Canonical Relationships among Perceptual-Motor, Perceptual, and Cognitive Behaviors in Children

Abstract
The purpose of this study was to investigate the nature and extent of relationships among perceptual-motor, perceptual, and cognitive behaviors in 189 young, normal children. An extensive battery of tests was administered to 61 prekindergarteners, 63 kindergarteners, and 65 first graders. Canonical correlation analysis revealed that significant and high relationships exist between perceptual-motor and perceptual behaviors at the two younger age levels, between perceptual-motor and cognitive behaviors at kindergarten only, and between perceptual and cognitive behaviors at all levels tested. In agreement with the literature, the magnitude of the relationships and amount of shared variance diminished with age from kindergarten to first grade, except for the cognitive and perceptual behaviors relationship. Visual behaviors were more important contributors to the perceptual-motor relationships than were auditory behaviors, while the reverse was found for contributors to the cognitive relationships.
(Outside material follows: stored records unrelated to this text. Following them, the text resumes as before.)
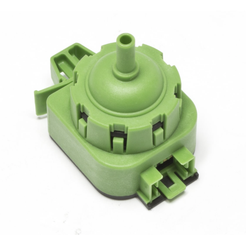Presostat analog për lavatriçe që shërben për të kontrolluar nivelin dhe presionin e ujit gjatë funksionimit të pajisjes. Ky komponent monitoron presionin e ajrit nga tubi i nivelit të ujit dhe dërgon sinjale në sistemin elektronik për të rregulluar mbushjen dhe ndalimin e ujit gjatë ciklit të larjes.
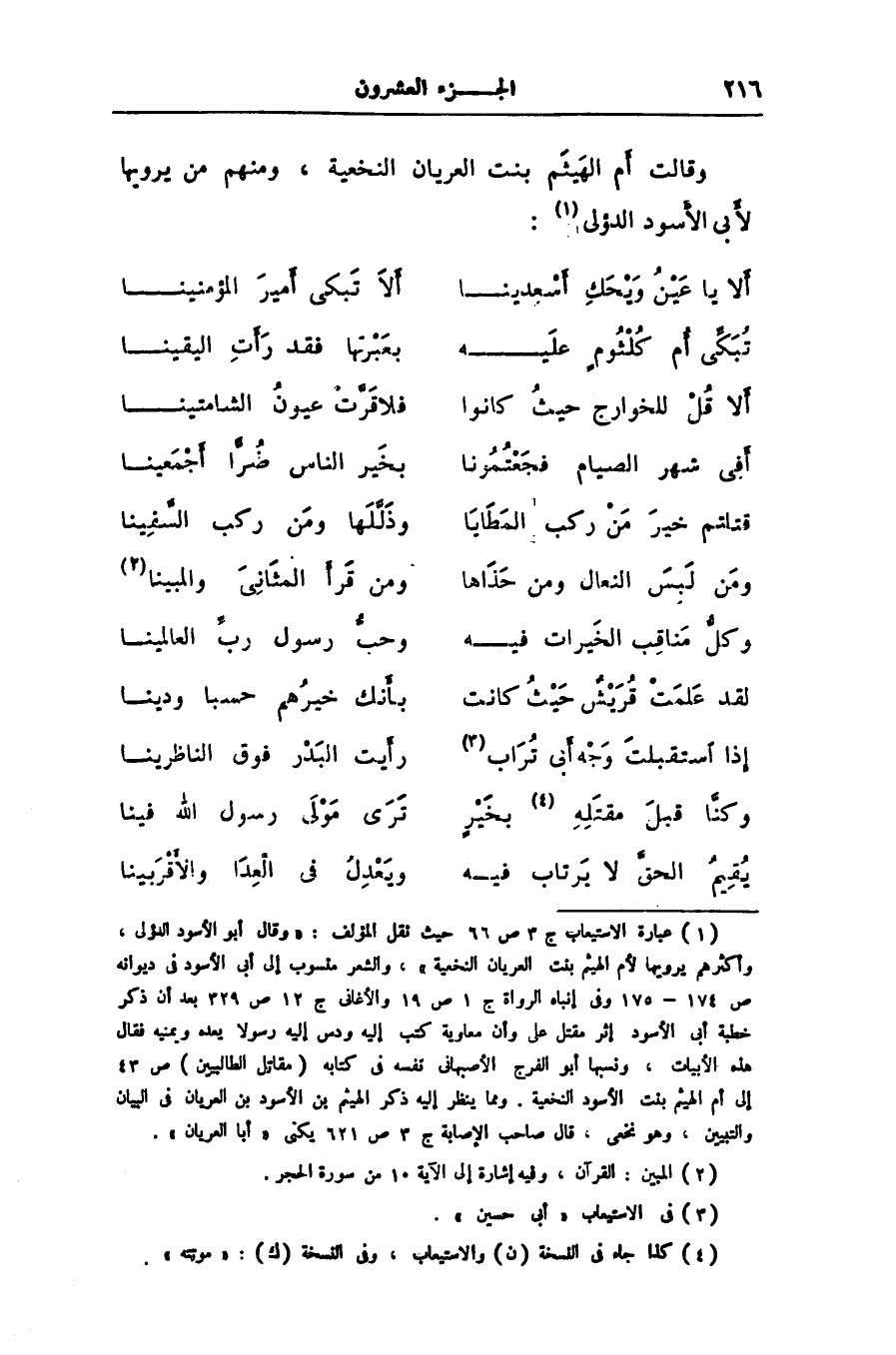 [1] عبارة الاستيعاب ج 3 ص 66 حيث نقل المؤلف: «وقال أبو الأسود الدؤلى، وأكثرهم يرويها لأم الهيثم بنت العريان النخعية» ، والشعر منسوب إلى أبى الأسود فى ديوانه ص 174- 175 وفى إنباه الرواة ج 1 ص 19 والأغانى ج 12 ص 329 بعد أن ذكر خطبة أبى الأسود إثر مقتل على وأن معاوية كتب إليه ودس إليه رسولا يعده ويمنيه فقال هذه الأبيات، ونسبها أبو الفرج الأصبهانى نفسه فى كتابه (مقاتل الطالبيين) ص 43 إلى أم الهيثم بنت الأسود النخعية. ومما ينظر إليه ذكر الهيثم بن الأسود بن العريان فى البيان والتبيين، وهو نخعى، قال صاحب الإصابة ج 3 ص 621 يكنى «أبا العريان» .
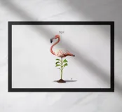 Comical illustration of the reworking of the expression, feet planted firmly on the ground. Using one of the more glamorous and static birds around; the flamingo
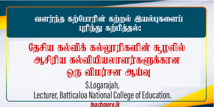 வளர்ந்த கற்போரின் கற்றல் இயல்புகளைப் புரிந்து கற்பித்தல்: தேசிய கல்விக் கல்லூரிகளின் சூழலில் ஆசிரிய கல்வியியலாளர்களுக்கான ஒரு சுய விமர்சன ஆய்வு
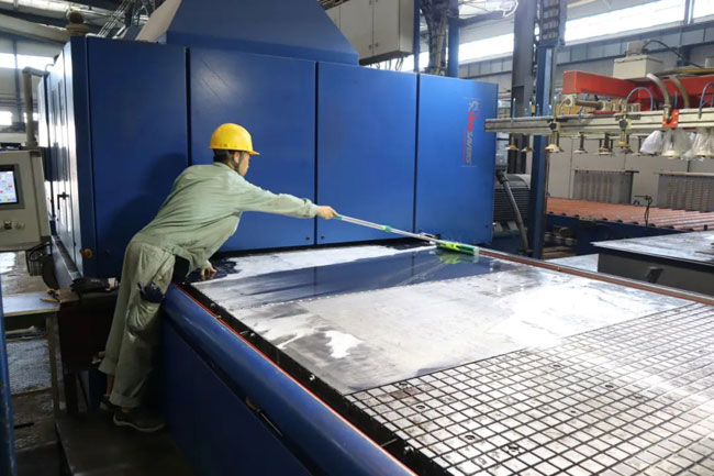 鈦帶公司提前制定技改計劃,配合生產進度有序落實,加強審查及施工過程監管,強化屬地管理責任。完成20輥軋機軋制油過濾系統一級和二級系統過濾罐濾芯的更換工作,保證了軋制油的過濾精度,為帶材表面質量提供了必要保障。更換含酸廢水處理系統壓濾機,并對鋼結構平臺整體抬升,方便清運車輛承接廢渣,減輕工人的勞動強度。完成水泵房脫鹽水系統擴能改造,將系統產水能力由8t/h提高到12t/h,效率提高了50%,滿足了帶箔材建設項目用水需求。現場更換并調試新購置的嵌入式控制器,實現了對軋制測量過程的高速控制。

Fine perceptual-motor behaviors were more important for describing relationships than were gross perceptual-motor behaviors. In general, gross perceptual-motor behaviors were of little importance in explaining any significant relationship found in this study. Overall, the most consistent and important contributors to significant relationships among the various behavioral domains and subdomains included the Bender (fine), Shape-O-Ball (fine), discrimination (auditory perception), figure-ground (visual perception), alphabet, word recognition, and number-related tasks (cognitive). The single most consistent and important contributor was the fine perceptual-motor task, the Bender test.